What is far more troubling, though, is that whole facilities will be closing their doors whenever someone sneezes within a mile. With ambulance chasing lawyers always at the ready, nothing else can be really expected. The US economy (or whatever remains of it) will be further impacted by such fear. Take that teacher, for example... would you put the lives of hundreds of students at risk, even if per entirely trustworthy assurances of the CDC the probability of infection is 0.01% ?
Do you have a source for that outside of the CDC?
a difference in professions....registered nurses go into battle to fight disease and they get blamed to breaking some unknown “protocol”....and teachers get to stay home and get paid for being on a plane that someone else had been in before....a cushy job but somebody’s got to enjoy it I guess...

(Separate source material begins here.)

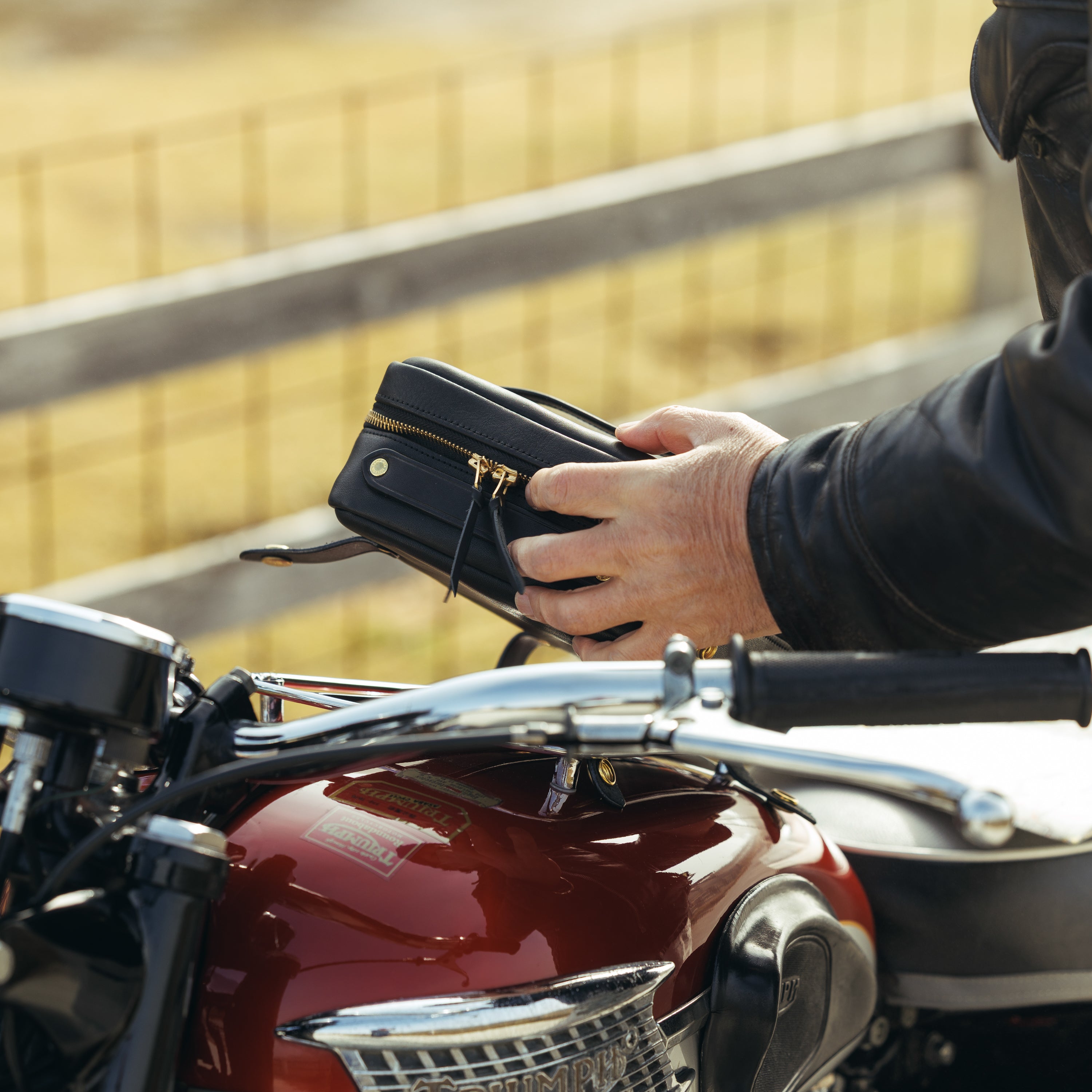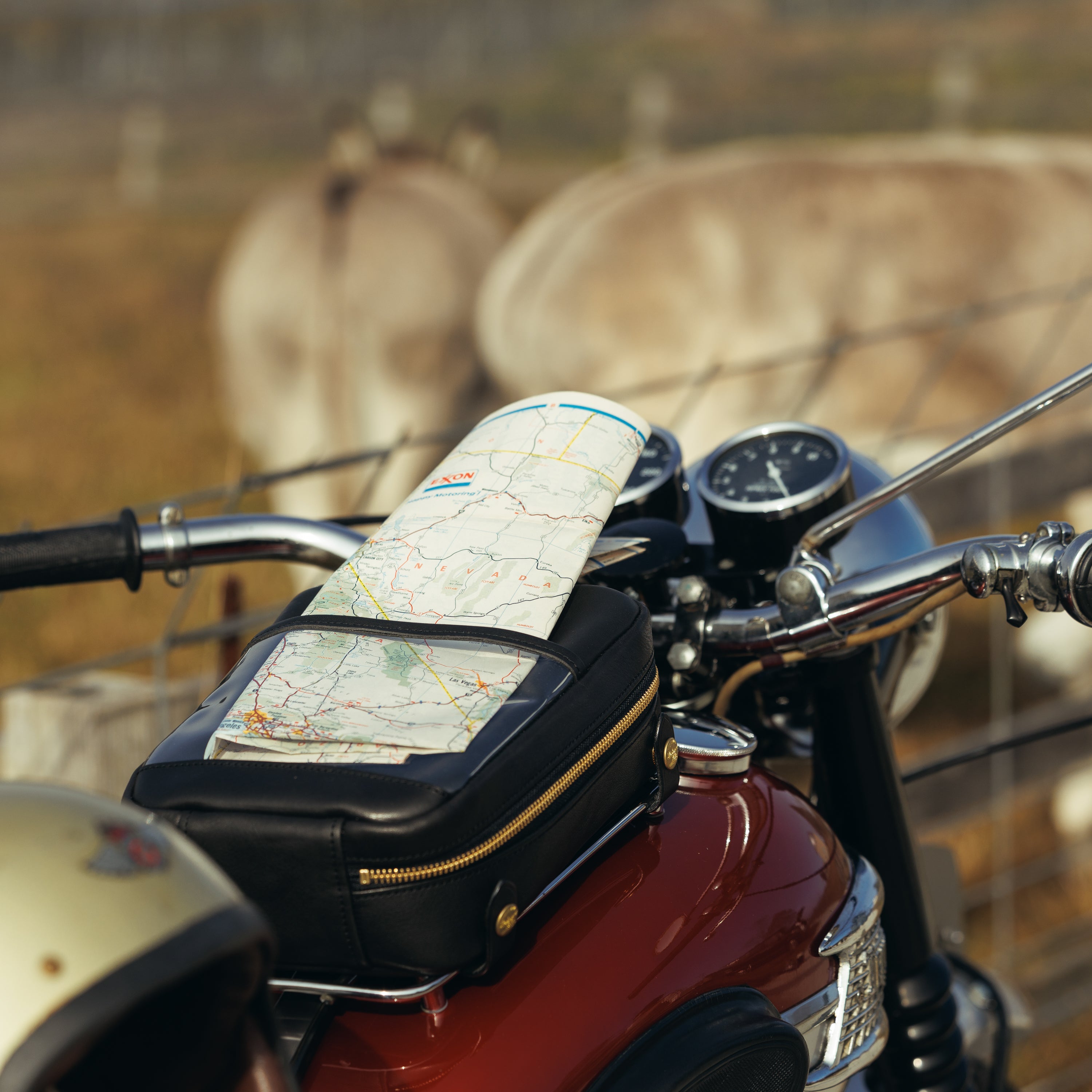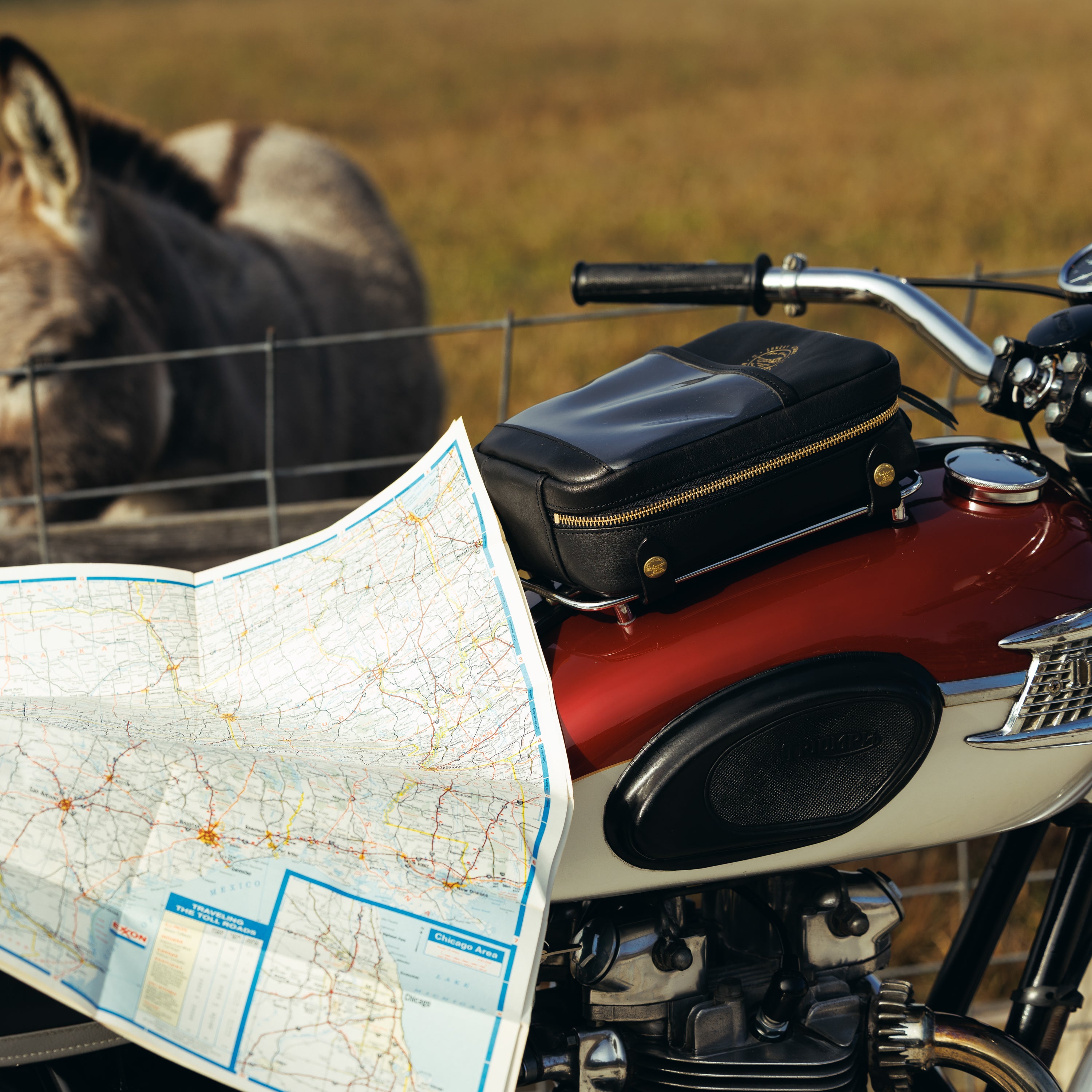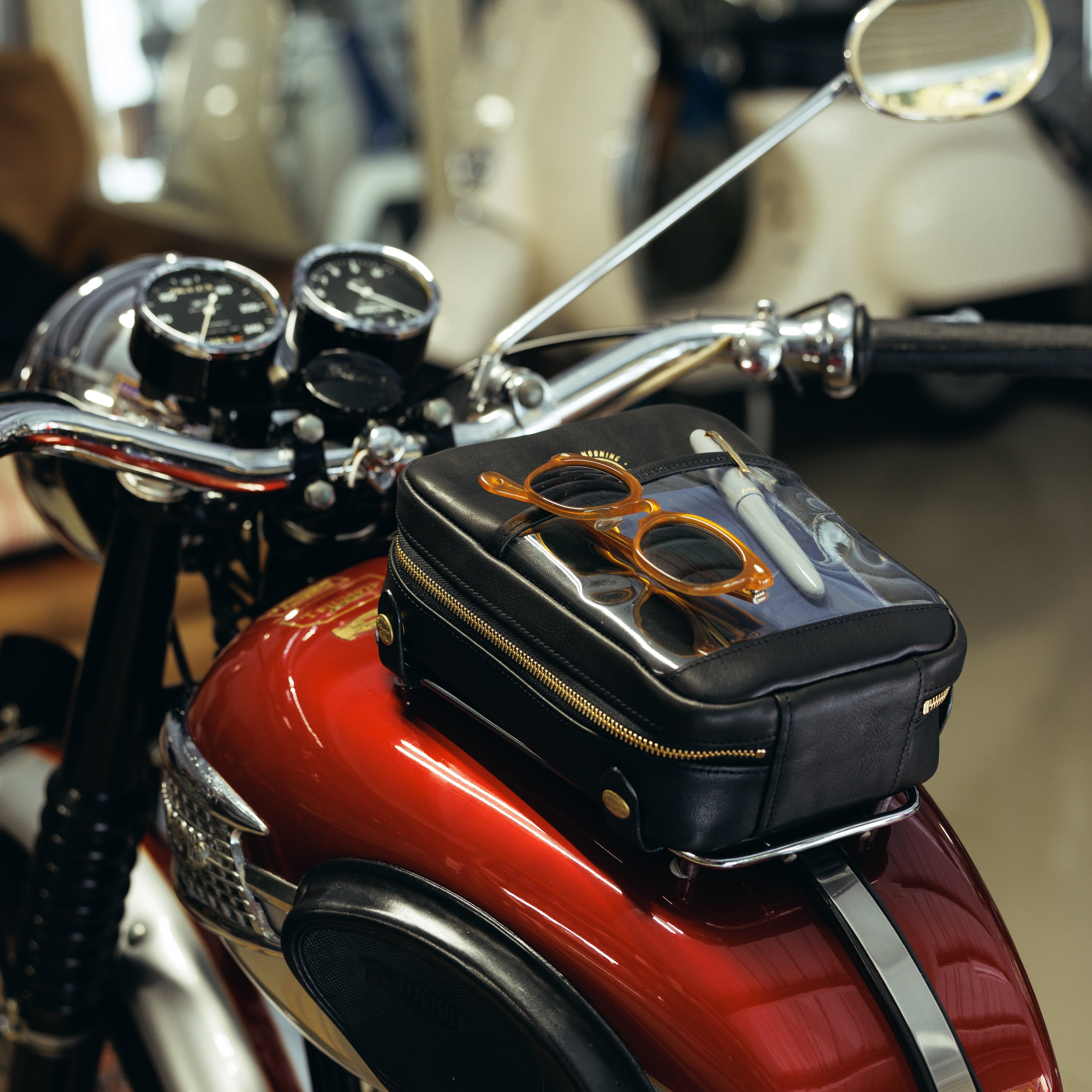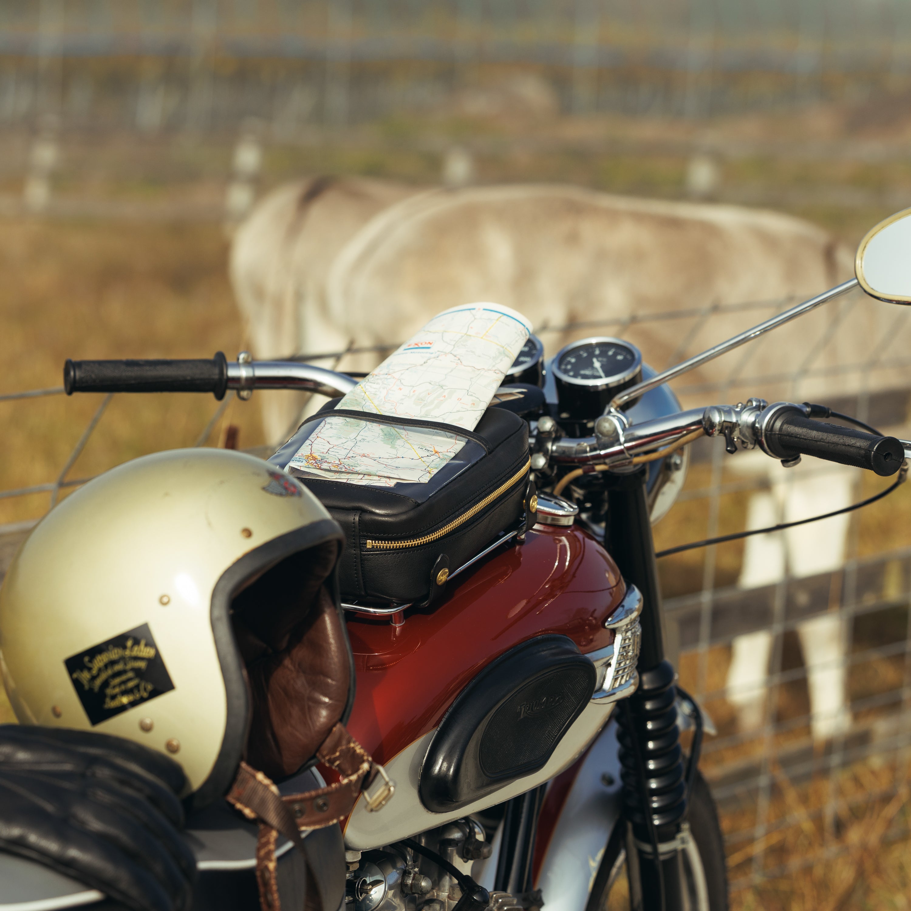 1940年代後半から60年代中頃のパーセルグリッド(タンクキャリア)が装備されたトライアンフ用のタンクバッグ。

And I just read the US is STILL open to issue visas to potential Ebola carriers from all three Western African hot zones.
Over 100 apply per day.
Obama wants Ebola here......there is no doubt about it.
“Ebola is contagious, but it is not *that* contagious.” - G
How would you like to turn a doorknob that an ebola infected person turned 4 hours earlier?
Would you let your second grader turn that doorknob?
To me, the school is making exactly the correct decision.
“whole facilities will be closing their doors whenever someone sneezes within a mile.”
What is going to happen when flu/cold season hits? Obama and the CDC can’t think that far ahead.